Problem details: For this exercise, repeat exactly the lines below starting at the line holding "300スキャン/秒の読み取り" and ending at the line holding "商品名称:DC 2026新款莱赛尔天丝轻奢刺绣单品床笠 浅茶", both included, with no extra lines and no pictures.
Task material section start
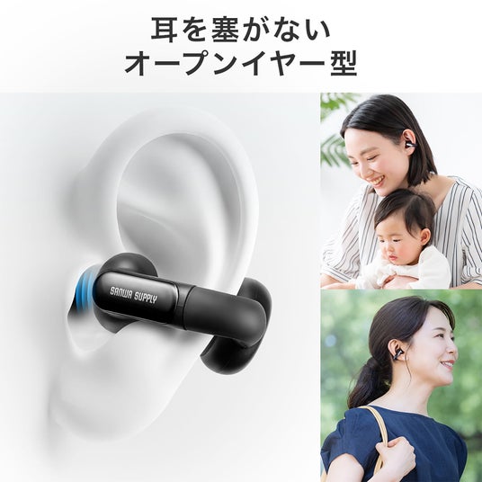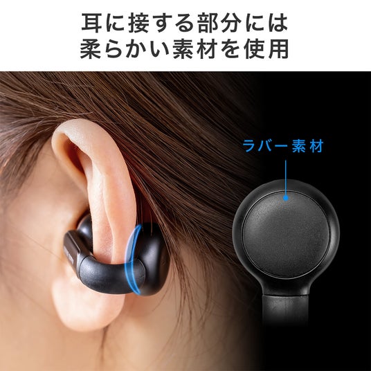 サンワサプライ株式会社耳の穴を塞がないオープンイヤー型で耳の外側に挟み込むようにして固定するイヤーカフ形状のBluetoothイヤホン
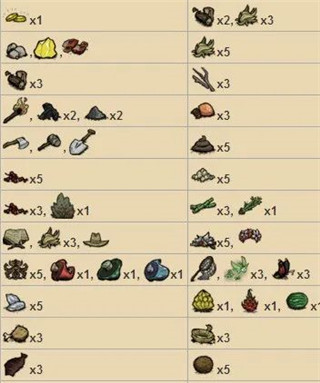 物资:草、树枝、燧石、石头、椰树、木箱、贝壳、矿石、沙堆、猪人、大嘴鸟、虎鲨巢穴、蜜蜂等
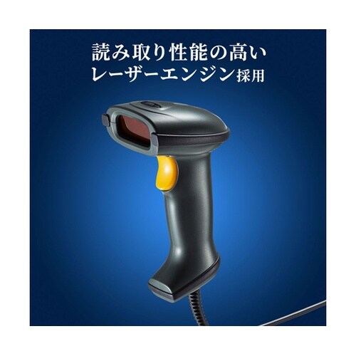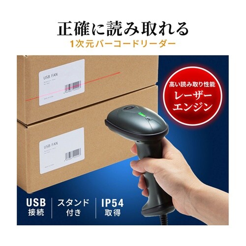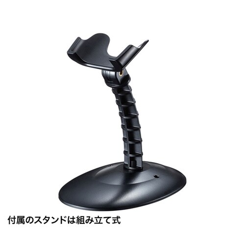 300スキャン/秒の読み取り性能で高速読み取りが可能です。レーザーセンサー搭載で、視認性、読み取り性が高く密集したバーコードの読み取りに向いています。付属スタンドを使うことでかざすだけで読み取りが可能 |
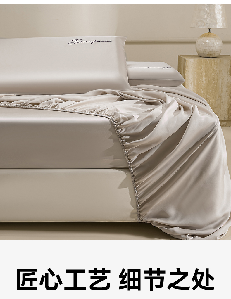 商品名称:DC 2026新款莱赛尔天丝轻奢刺绣单品床笠 浅茶
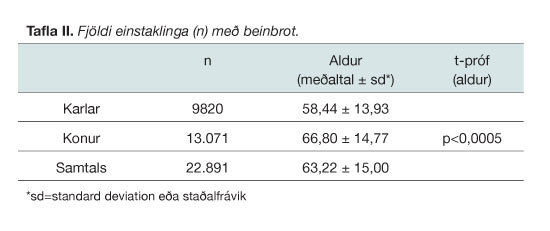 Á 10 ára tímabili, frá 2002 til og með 2011, greindust 29.056 beinbrot hjá 22.891 einstaklingum samkvæmt gögnum úr Sögu. Aldur, kyn, tegund og fjöldi brota er sýndur í töflu I . Í töflu II má sjá að konur eru fleiri en karlar og að þær eru marktækt eldri. Hópnum sem tók lyfin án beinbrota er lýst í töflu III . Þar eru konur einnig í meirihluta og marktækt eldri þótt munurinn sé minni en í brotahópnum. Hópurinn sem brotnaði var marktækt eldri (63 ± 15 ár) en þeir sem ekki brotnuðu (60 ± 13 ár). Tafla IV sýnir fjölda brota og hvernig þau flokkast miðað við hvert lyf og kyn sjúklinganna. Konur eru í flestum tilfellum mun fleiri en karlar, nema hvað varðar statín. Flest brotin tengjast töku svefn- og róandi lyfja. Fáir virðast brotna eftir töku H2-andhistamína en það gæti endurspeglað að notkun þeirra er lítil í samfélaginu.
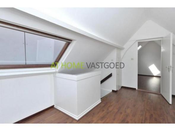 2e etage: Woonkamer met nieuwe open keuken, grote slaapkamer, toilet en douche.
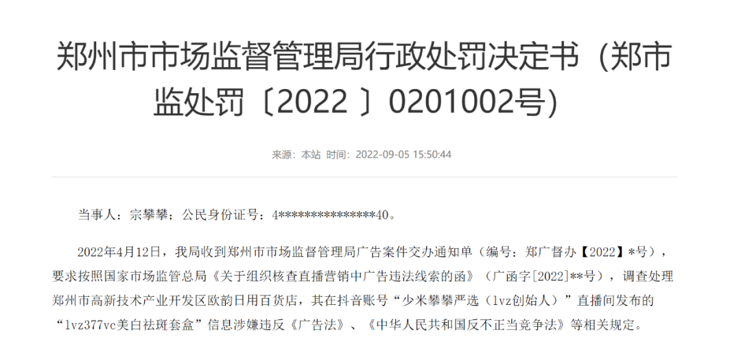 郑州市场监管局在决定书中指出,主播@少米攀攀严选(lvz创始人)没有证据证明该产品是“美白淡斑行业的扛把子(老大)、天花板(到顶)、美白淡斑的终点站”,涉嫌作虚假或者引人误解的商业宣传、欺骗误导消费者。
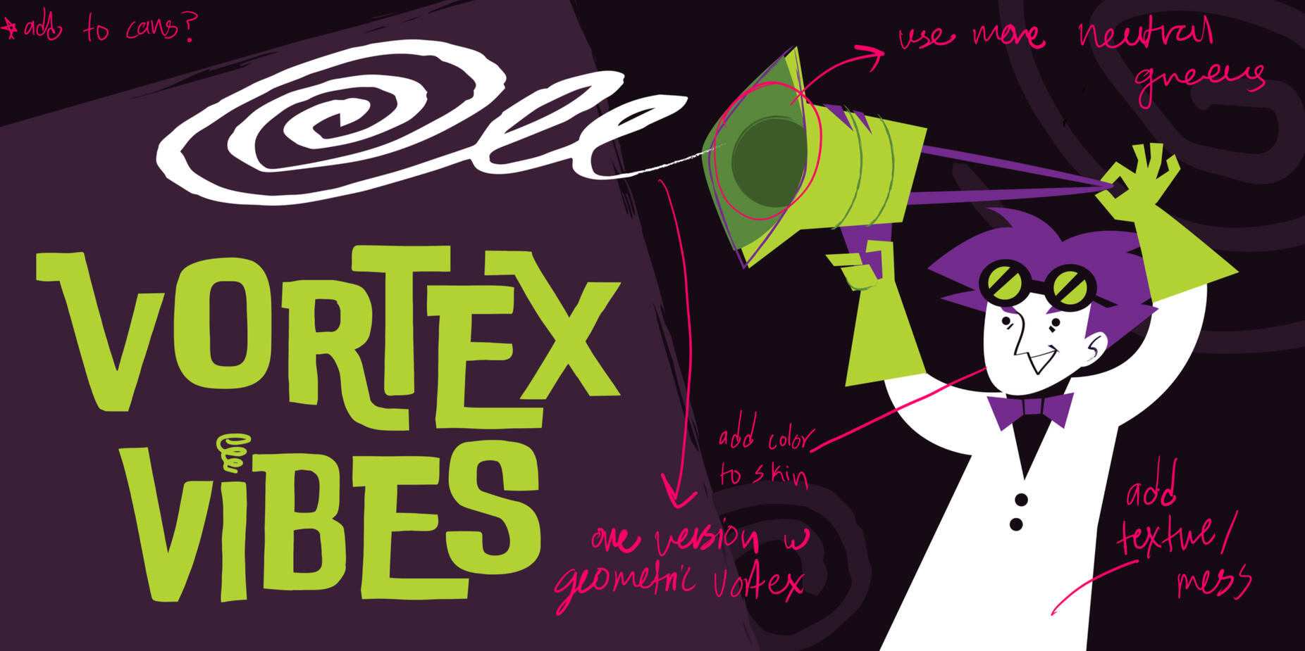 Initial sketch of vortexes and the little guy who would become the mascot for the exhibit.
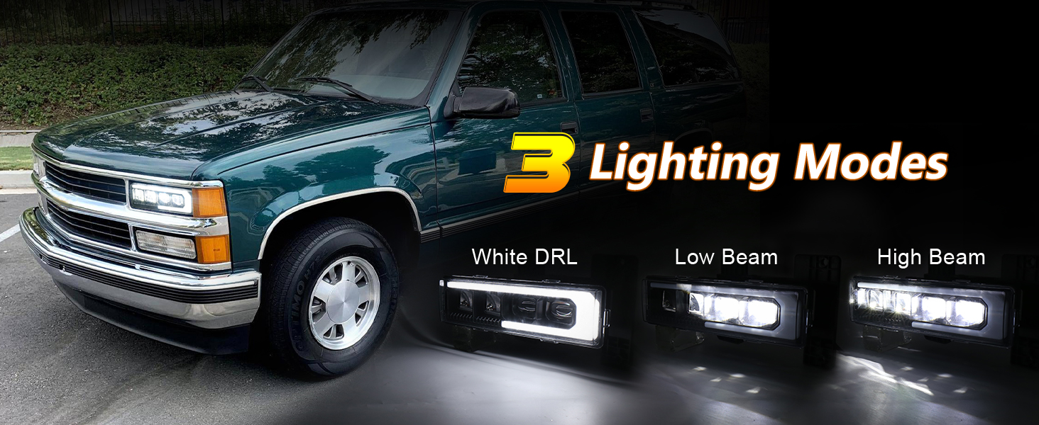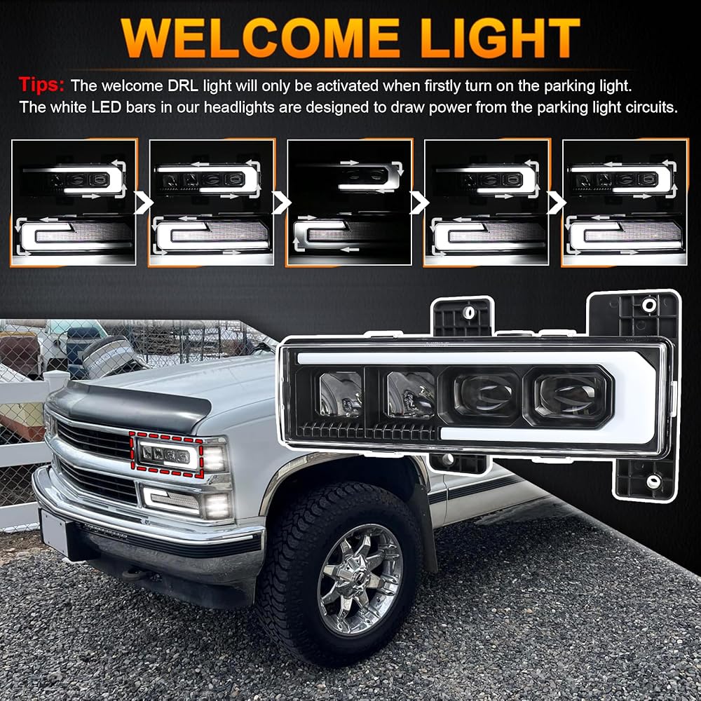 LED Headlight Assembly High/Low Beam & White DRL with Welcome Sequence Left Driver Side Compatible with 1988-1998 Chevy GMC C/K1500 C/K2500 C/K3500 Suburban Tahoe Yukon
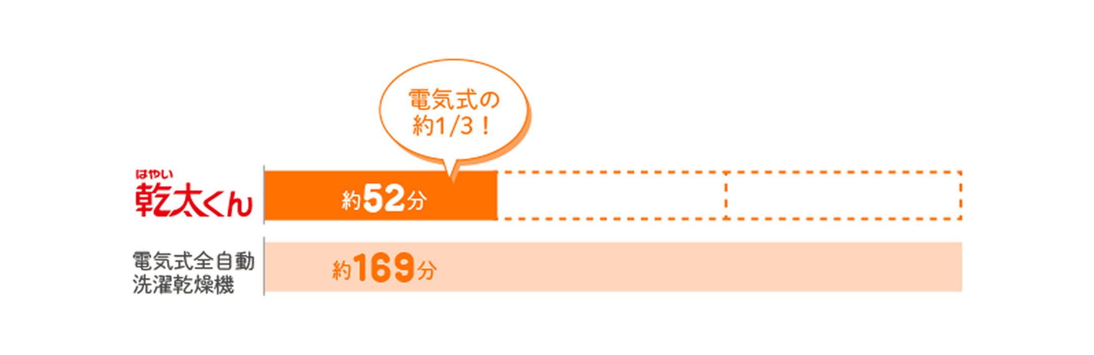 ガスならではのパワーで、乾燥時間は電気式の約1/3。
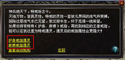 对护身戒指进行通灵,通灵后特戒将拥有更强大属性!
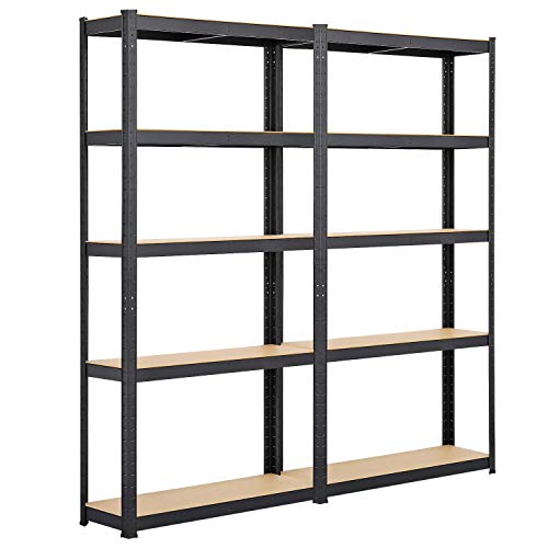 Yaheetech 2 x Étagères Charge Lourde 180 x 90 x 60 cm Clipsable Résistant Capacité 875 kg Meuble de Rangement Garage Cuisine Chambre Noir 180 x 180 x 60 cm
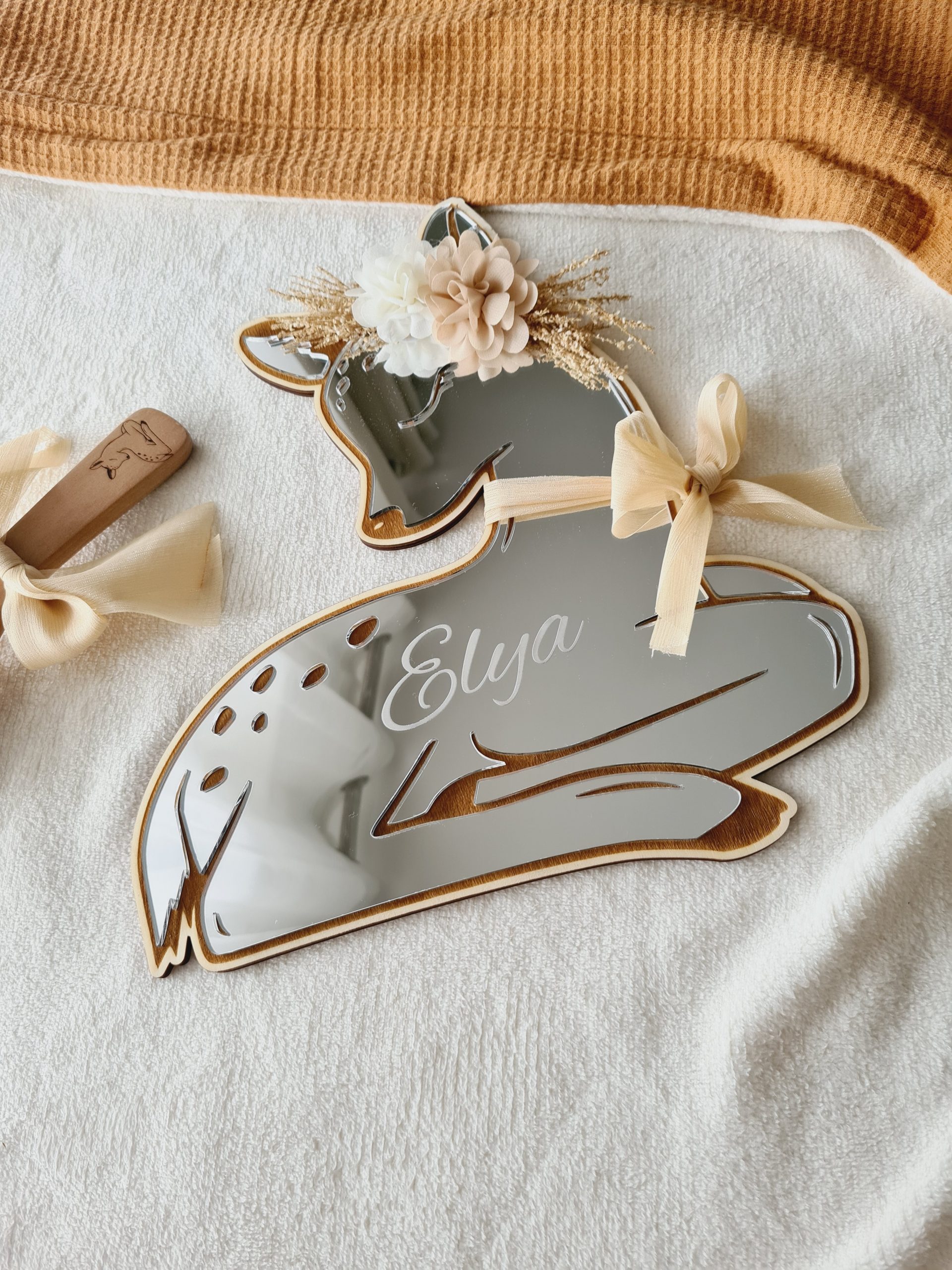 Je suis ravie de vous présenter mon dernier chef-d’œuvre, un miroir unique en forme de faon, orné de fleurs délicates sur sa tête.
Task material section end
Solution:
 300スキャン/秒の読み取り性能で高速読み取りが可能です。レーザーセンサー搭載で、視認性、読み取り性が高く密集したバーコードの読み取りに向いています。付属スタンドを使うことでかざすだけで読み取りが可能 |
 商品名称:DC 2026新款莱赛尔天丝轻奢刺绣单品床笠 浅茶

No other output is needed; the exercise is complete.